■ **TASK OBJECTIVE**
The listing is to be reproduced exactly, excluding its pictures.

■ **GIVEN DATA**
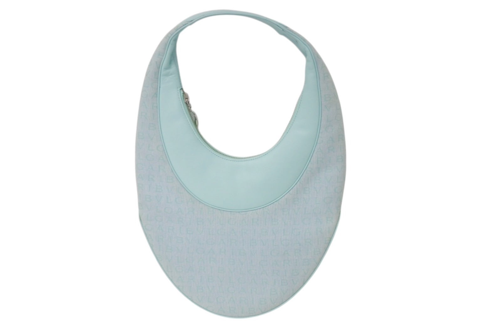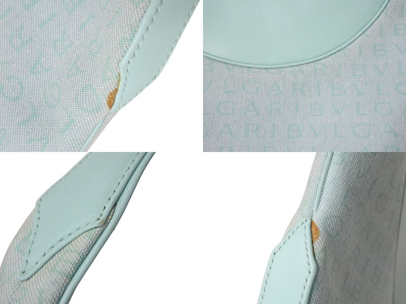 BVLGARI ブルガリ ロゴマニア ワンショルダーバッグ ハンドバッグ キャンバス レザー ターコイズブルー シルバー 美品 中古 4c071838
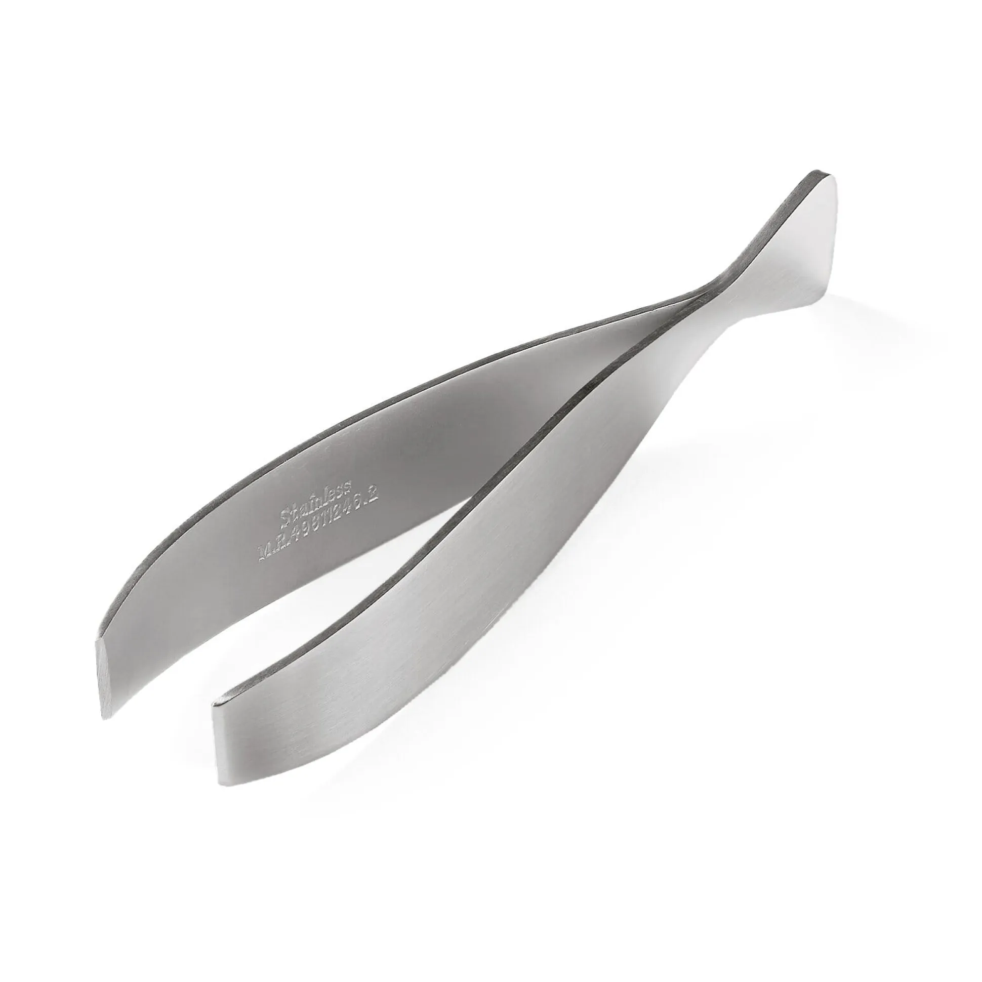 Eine Fischgrätenpinzette in Fischform aus Edelstahl, mit einer Materialstärke von 1,5 mm. Länge 13 cm, Breite max. 2 cm. Gewicht 50 g.
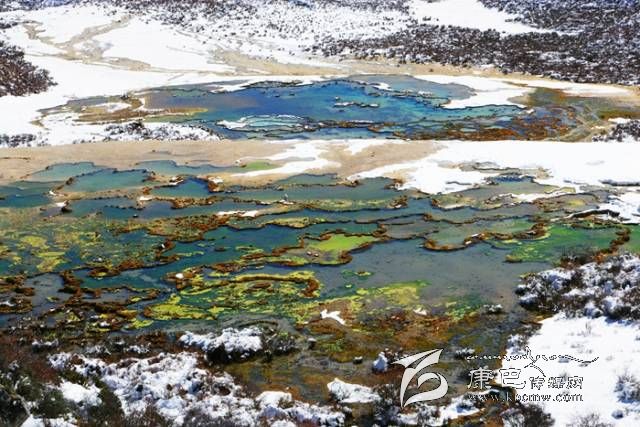 泉華灘位于貢嘎山西坡,為鈣化地貌,灘長(cháng)900多米,寬100余米,依山而下形成5個(gè)泉華階地。每個(gè)階地上有數十個(gè)大小不同、形態(tài)各異的五色彩池,池中有羌活魚(yú)自在游弋。在泉華灘的頂上有一道趵突泉,不間斷地突然從地底噴發(fā),十分壯觀(guān)。

■ **WRITTEN ANSWER**
 BVLGARI ブルガリ ロゴマニア ワンショルダーバッグ ハンドバッグ キャンバス レザー ターコイズブルー シルバー 美品 中古 4c071838
 Eine Fischgrätenpinzette in Fischform aus Edelstahl, mit einer Materialstärke von 1,5 mm. Länge 13 cm, Breite max. 2 cm. Gewicht 50 g.
 泉華灘位于貢嘎山西坡,為鈣化地貌,灘長(cháng)900多米,寬100余米,依山而下形成5個(gè)泉華階地。每個(gè)階地上有數十個(gè)大小不同、形態(tài)各異的五色彩池,池中有羌活魚(yú)自在游弋。在泉華灘的頂上有一道趵突泉,不間斷地突然從地底噴發(fā),十分壯觀(guān)。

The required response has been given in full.